Despite Treasury secretary’s denials, Democrats are pushing a ‘wealth’ tax
For a master class in doublespeak — the use of banal-sounding and euphemistic language designed mainly to obscure the facts — it’s hard to beat Treasury Secretary Janet Yellen’s Oct. 24 CNN interview. Desperate to find new revenues to fund their $1.85 trillion package of social welfare and climate change-related spending, the Biden administration and its congressional allies have concocted a means to squeeze the nation’s billionaires. Their latest plan would be to tax them on something known as “unrealized gains.”
Speaking in a bureaucratic manner, Yellen assured the public that this is not a “wealth tax” — the controversial effort to tax the accumulated assets of Americans.
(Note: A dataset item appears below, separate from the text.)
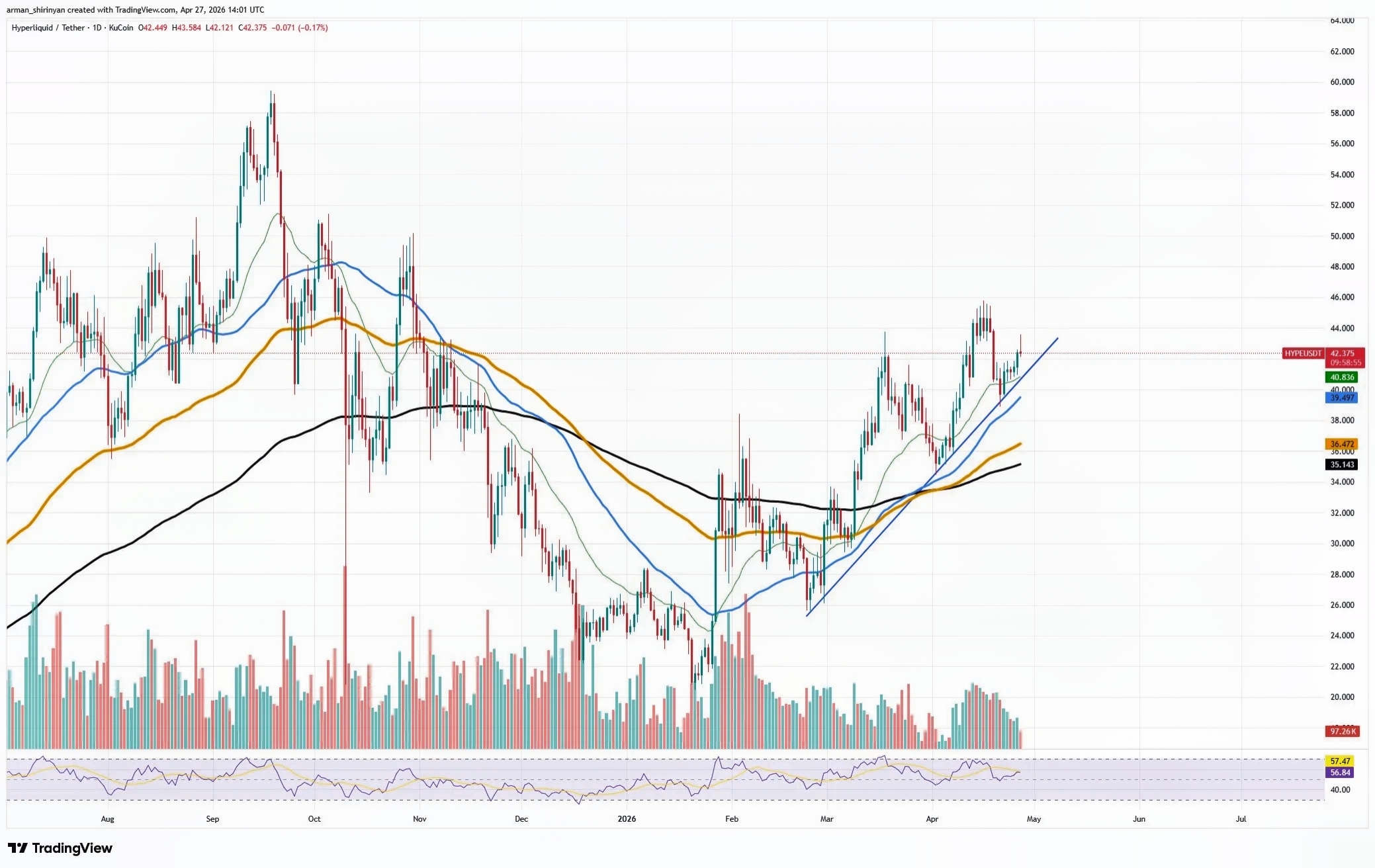 This rally pushed HYPE from the mid-$20 range to above $40, forming a strong upward trend with consistent higher highs. Analysts note that traders are increasingly using leverage again — a sign of growing confidence, but also rising risk.

Instead, this plan merely is “a tax on unrealized capital gains on liquid assets held by extremely wealthy individuals,” who “escape taxation until they are realized.”
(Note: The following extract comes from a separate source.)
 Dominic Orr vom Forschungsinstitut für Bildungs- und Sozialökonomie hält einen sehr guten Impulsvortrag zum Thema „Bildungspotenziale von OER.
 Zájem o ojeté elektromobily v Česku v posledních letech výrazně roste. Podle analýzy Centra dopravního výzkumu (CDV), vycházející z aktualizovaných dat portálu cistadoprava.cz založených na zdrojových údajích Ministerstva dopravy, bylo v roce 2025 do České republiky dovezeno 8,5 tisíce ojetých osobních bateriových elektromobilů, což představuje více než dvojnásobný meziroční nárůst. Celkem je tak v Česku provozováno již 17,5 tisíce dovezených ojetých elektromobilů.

Well, escaping taxation until it is “realized” simply means avoiding taxes on profits that have not yet come into existence — no matter what Orwellian phrase one uses to describe it. Although the tax hike would apply only to the nation’s approximately 700 billionaires, the concept is easy to understand if we apply it more broadly.
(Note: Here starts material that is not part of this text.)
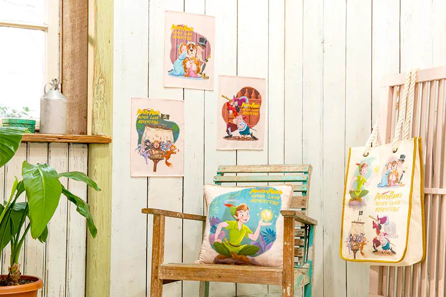 As for Peter’s friend Tinker Bell, guests can pick up an adorable plush charm, a t-shirt with wings on the back that glow in the dark, a shoulder bag, and Tinker Bell approved stationery that will make them feel as if they’ve transported straight to Pixie Hollow.
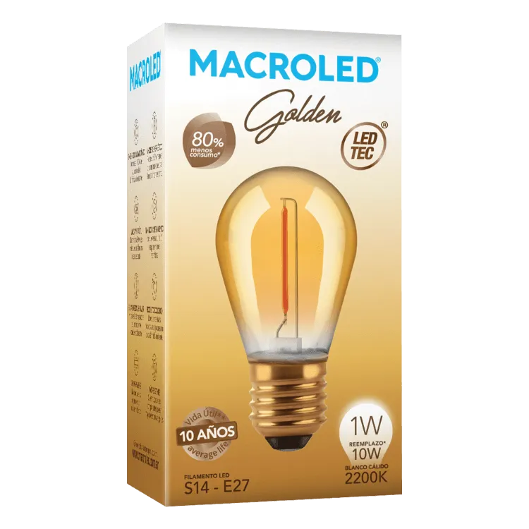 abril 19, 2026Lámpara LED 1W E27 Golden Retro Filamento Macroled

Let’s say you bought stocks in 2010 for $50,000 and they now are worth $100,000, even though you have no interest in selling them. The IRS would calculate the current value of the investment and tax you for the theoretical $50,000 paper gain. You’d probably have to sell them off to pay the tax assessment.
Likewise, imagine if the federal government could tax the unrealized gains of your home. Investments go up (and sometimes down) in value over the course of the years, and investors often make decisions based on long-term calculations. This frustrates progressive politicians, who view it as a tax dodge whenever people keep their earnings — real or on paper — out of the hands of government.
“In effect, a person can accrue capital gains indefinitely, on a vast scale, while owing no tax other than on dividends or other cash distributions from those assets,” The New York Times writer Neil Irwin explained. But to most of us, that’s a good thing.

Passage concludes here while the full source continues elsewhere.